L’intelligence de l’art suppose une ouverture à la dimension spirituelle de sa conception, de sa destination et de ses enjeux. A cet égard, il est utile d’entendre la parole d’un architecte contemporain, Jean-Marie Duthilleul, à la fois concepteur des grandes gares conçues dans les années 1990 pour accueillir les TGV et auteur de l’aménagement de l’hippodrome de Longchamp pour les cérémonies des JMJ de Paris en 1998. Evoquant à la fois le Parthénon, le Temple du Ciel à Pékin et la cathédrale de Chartres, il estime que « l’intelligence profonde de l’art passe par la connaissance de la façon dont le réel sensible intervient dans la relation de l’homme à Dieu » (6). Il remarque que c’est précisément cette connaissance qui nous manque pour comprendre les alignements de pierres dressées de Carnac. On n’entre pas dans la compréhension de ces alignements parce qu’on ne connaît pas le rôle qu’entretenait ce dispositif avec la divinité.

Ces considérations sur le lien entre l’art et l’Eglise, nous interpelle nous, dominicaines. Quelle place faisons-nous l’art dans notre prédication, notre prière et jusque dans nos lieux de vie. Dans le cadre des célébrations du jubilé de la mort de saint Dominique, chaque communauté est invitée à présenter une œuvre d’art sur st Dominique (statue, icone, peinture…) liée à l’histoire de votre entité ou de votre communauté. Avec l’apport de chacune, cela pourra constituer en quelque sorte notre « patrimoine artistique dominicain CRSD » !
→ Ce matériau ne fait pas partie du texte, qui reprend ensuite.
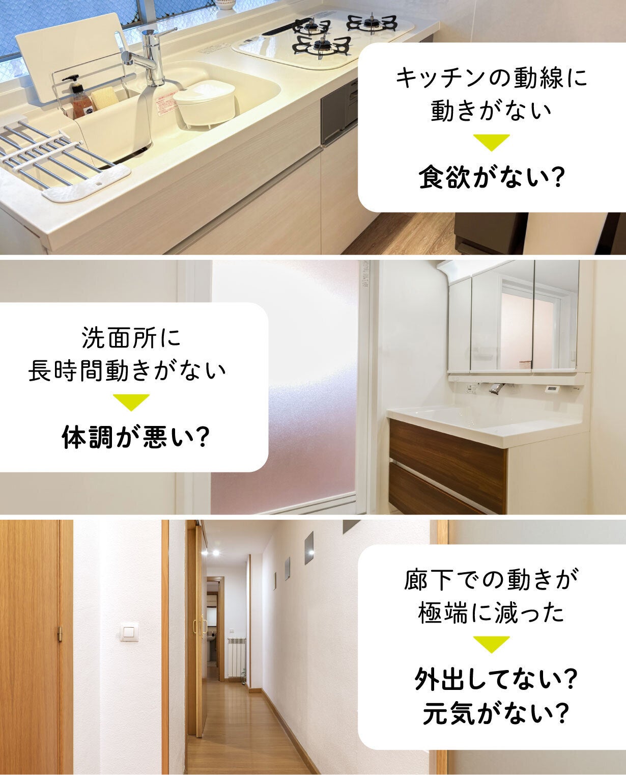 生活動線上での動きが減ると、生活に変化があるということ。

(1) Discours aux artistes, 8 avril 1952, cité dans Isabelle Saint-Martin, Art chrétien / art sacré, regards du catholicisme sur l’art, France, XIXe-XXe siècle, Presses Universitaires de Rennes, 2014, p. 11.
(2) Isabelle Saint-Martin, Art chrétien / art sacré, regards du catholicisme sur l’art, France, XIXe-XXe siècle, Presses Universitaires de Rennes, 2014.
(3) Paul VI, « L’Eglise et l’art », Insegnamenti di Paolo VI, Rome, 1964, 312-318, trad. fr. La Documentation catholique, n° 61, 1964, p. 383-388.
(4) Benoît XVI, « Discours aux artistes », 21 novembre 2009 ; Jean-Paul II, « Lettre aux artistes », 4 avril 1999.
(5) L’expression est ici empruntée à Régis Debray qui publia, en 2002, un Rapport sur l’Enseignement du fait religieux dans l’école laïque.
(6) Jean-Marie Duthilleul « Le rôle de l’architecte », communication prononcée à l’occasion du colloque Intelligence de l’art et culture religieuse aujourd’hui, organisé à l’Ecole du Louvre les 15 et 16 avril 2020.